- **PROBLEM DETAILS**
Take the entries below and print, exactly, the stretch from the line containing "웹 브라우저에서 url을" through the line containing "保証付き 保証内容(---) 3ヶ月または(3)千kmまで |", both included.

- **EXTRACTED MATERIAL**
'''
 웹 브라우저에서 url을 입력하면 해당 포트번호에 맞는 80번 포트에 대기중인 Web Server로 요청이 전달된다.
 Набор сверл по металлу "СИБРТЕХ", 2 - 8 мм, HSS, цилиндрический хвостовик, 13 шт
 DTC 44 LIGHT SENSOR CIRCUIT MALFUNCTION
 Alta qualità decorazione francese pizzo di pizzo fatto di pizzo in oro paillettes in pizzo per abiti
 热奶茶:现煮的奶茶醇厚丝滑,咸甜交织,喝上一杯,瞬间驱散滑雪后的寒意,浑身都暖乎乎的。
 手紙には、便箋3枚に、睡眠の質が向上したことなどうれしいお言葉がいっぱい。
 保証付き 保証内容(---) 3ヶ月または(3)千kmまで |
'''
'''
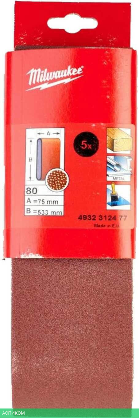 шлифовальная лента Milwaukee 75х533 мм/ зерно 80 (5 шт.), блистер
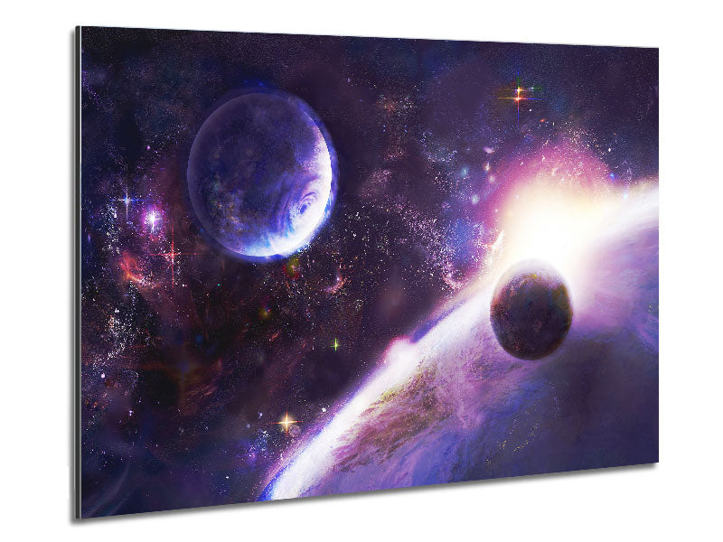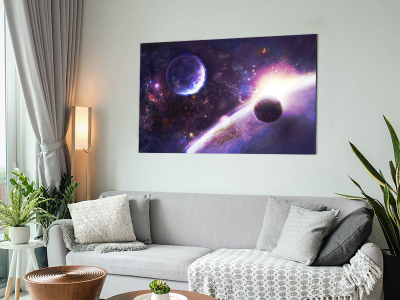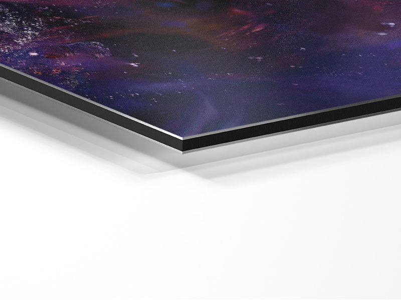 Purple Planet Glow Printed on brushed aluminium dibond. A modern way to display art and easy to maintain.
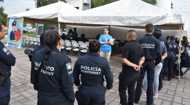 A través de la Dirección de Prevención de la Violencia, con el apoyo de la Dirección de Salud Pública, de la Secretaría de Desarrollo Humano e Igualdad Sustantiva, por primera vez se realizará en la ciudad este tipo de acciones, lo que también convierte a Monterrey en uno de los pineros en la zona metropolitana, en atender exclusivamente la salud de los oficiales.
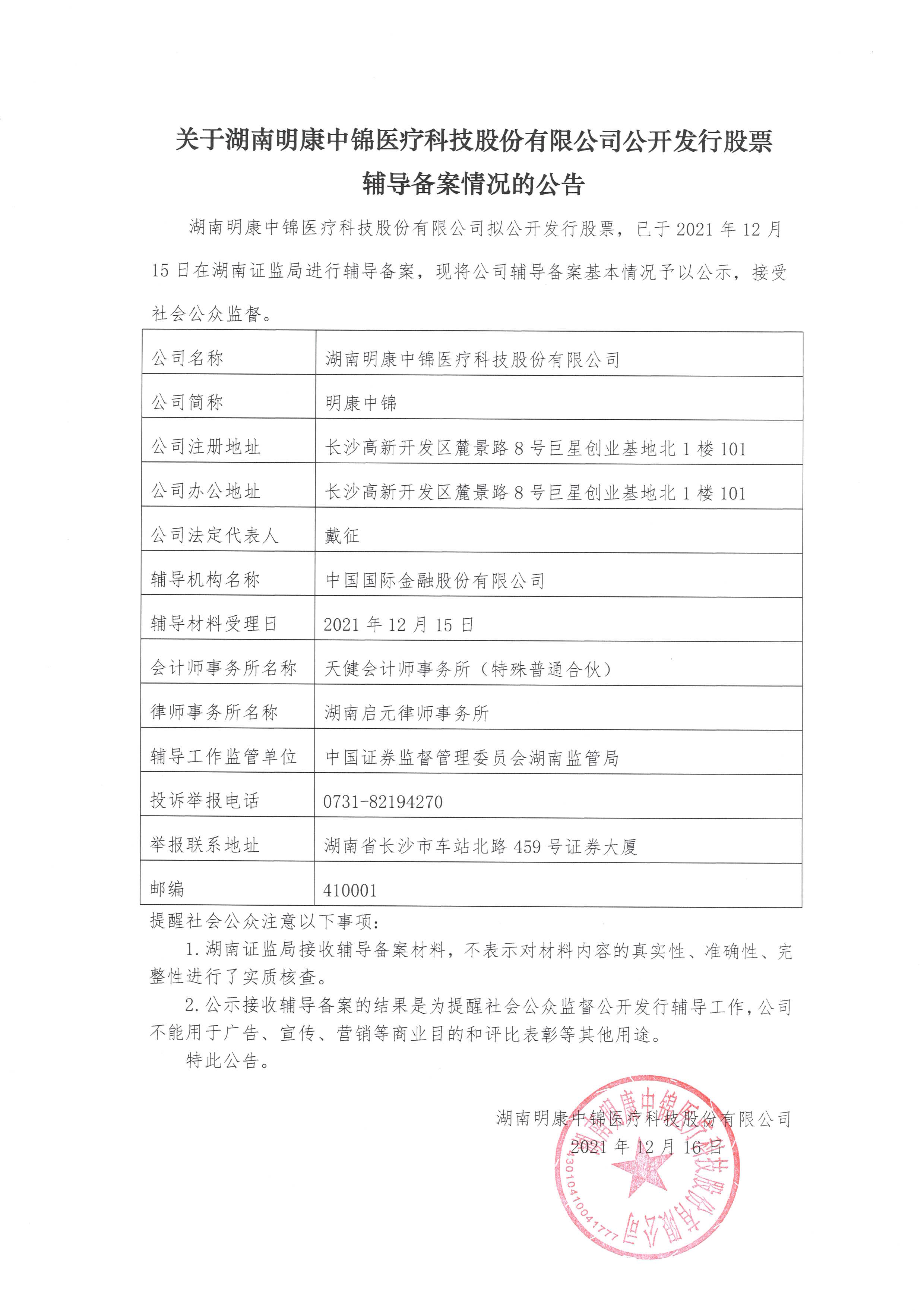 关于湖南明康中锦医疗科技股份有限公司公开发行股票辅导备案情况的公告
'''
'''
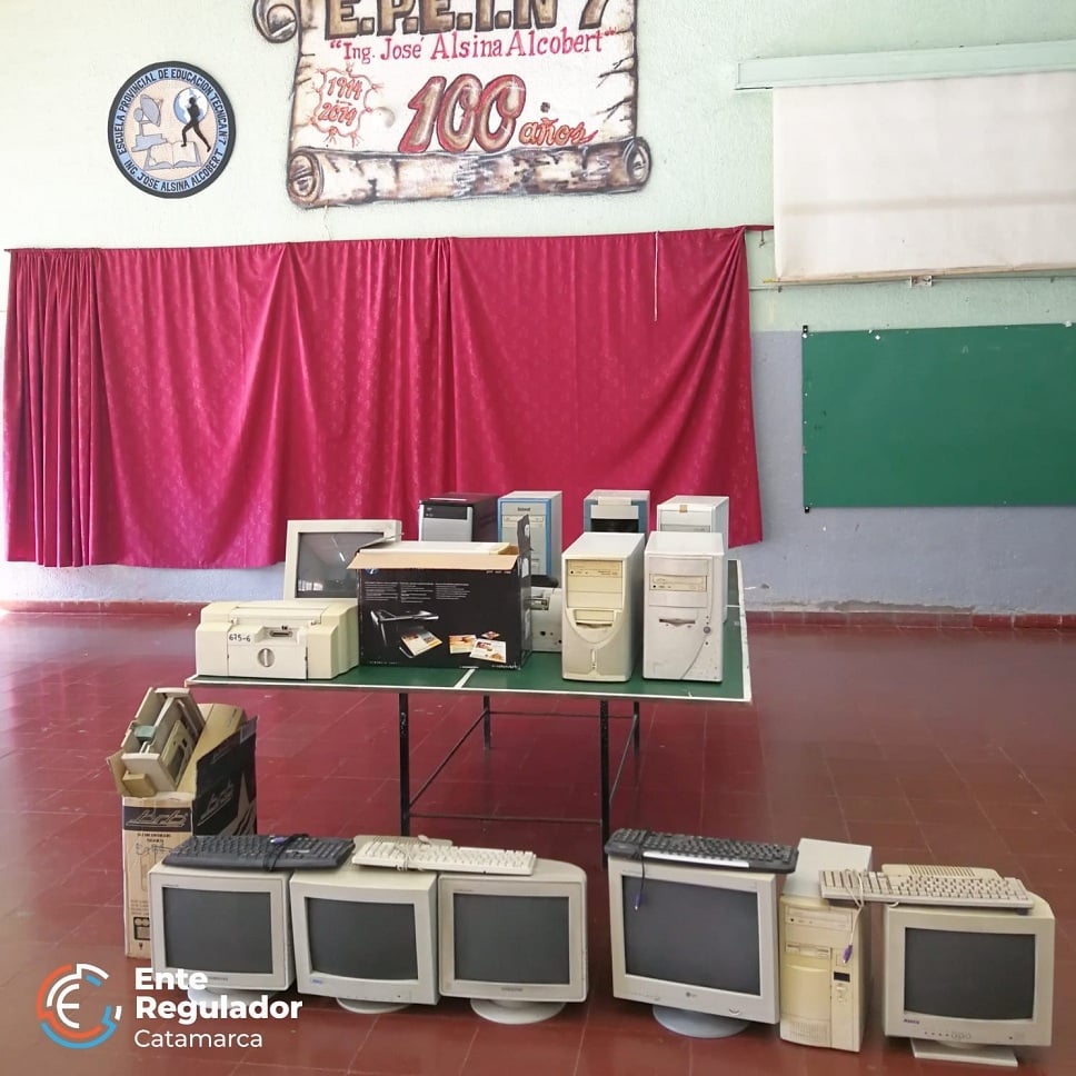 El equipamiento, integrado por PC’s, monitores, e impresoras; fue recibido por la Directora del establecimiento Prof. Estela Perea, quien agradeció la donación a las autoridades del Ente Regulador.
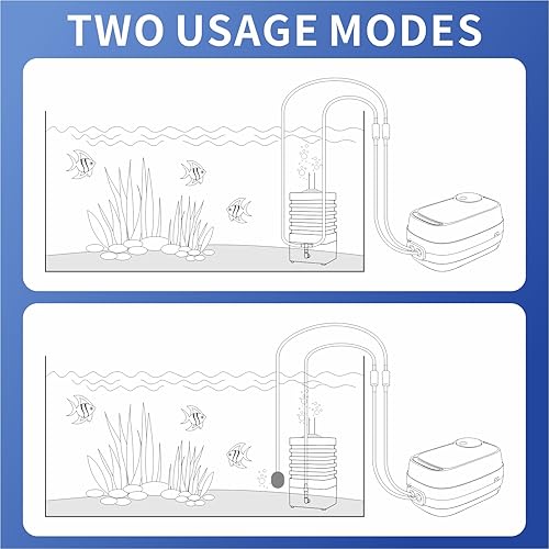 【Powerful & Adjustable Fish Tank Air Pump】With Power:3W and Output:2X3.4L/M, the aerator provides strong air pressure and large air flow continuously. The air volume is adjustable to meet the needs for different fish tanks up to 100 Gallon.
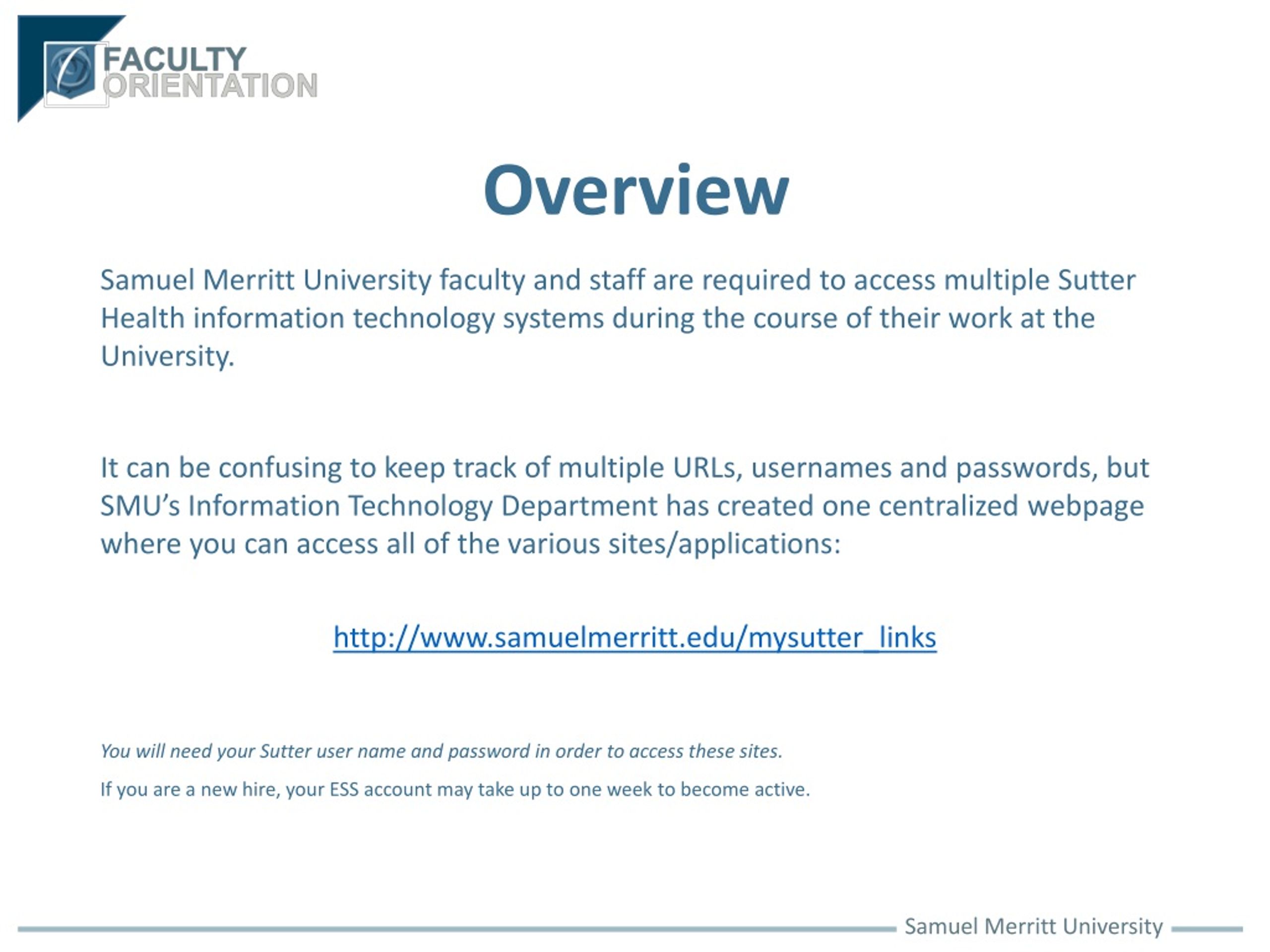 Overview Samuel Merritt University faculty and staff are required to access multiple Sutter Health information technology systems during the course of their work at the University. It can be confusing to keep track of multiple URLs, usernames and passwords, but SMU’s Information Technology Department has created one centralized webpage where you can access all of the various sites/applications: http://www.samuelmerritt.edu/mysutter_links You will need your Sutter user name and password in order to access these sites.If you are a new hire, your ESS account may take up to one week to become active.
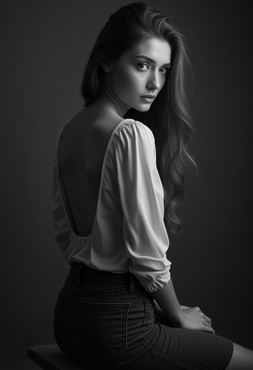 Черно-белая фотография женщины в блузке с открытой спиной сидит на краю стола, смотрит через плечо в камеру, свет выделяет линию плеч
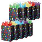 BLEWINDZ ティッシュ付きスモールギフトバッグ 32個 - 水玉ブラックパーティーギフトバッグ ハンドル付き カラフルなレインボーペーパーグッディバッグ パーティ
'''
- **TASK RESULT**
 웹 브라우저에서 url을 입력하면 해당 포트번호에 맞는 80번 포트에 대기중인 Web Server로 요청이 전달된다.
 Набор сверл по металлу "СИБРТЕХ", 2 - 8 мм, HSS, цилиндрический хвостовик, 13 шт
 DTC 44 LIGHT SENSOR CIRCUIT MALFUNCTION
 Alta qualità decorazione francese pizzo di pizzo fatto di pizzo in oro paillettes in pizzo per abiti
 热奶茶:现煮的奶茶醇厚丝滑,咸甜交织,喝上一杯,瞬间驱散滑雪后的寒意,浑身都暖乎乎的。
 手紙には、便箋3枚に、睡眠の質が向上したことなどうれしいお言葉がいっぱい。
 保証付き 保証内容(---) 3ヶ月または(3)千kmまで |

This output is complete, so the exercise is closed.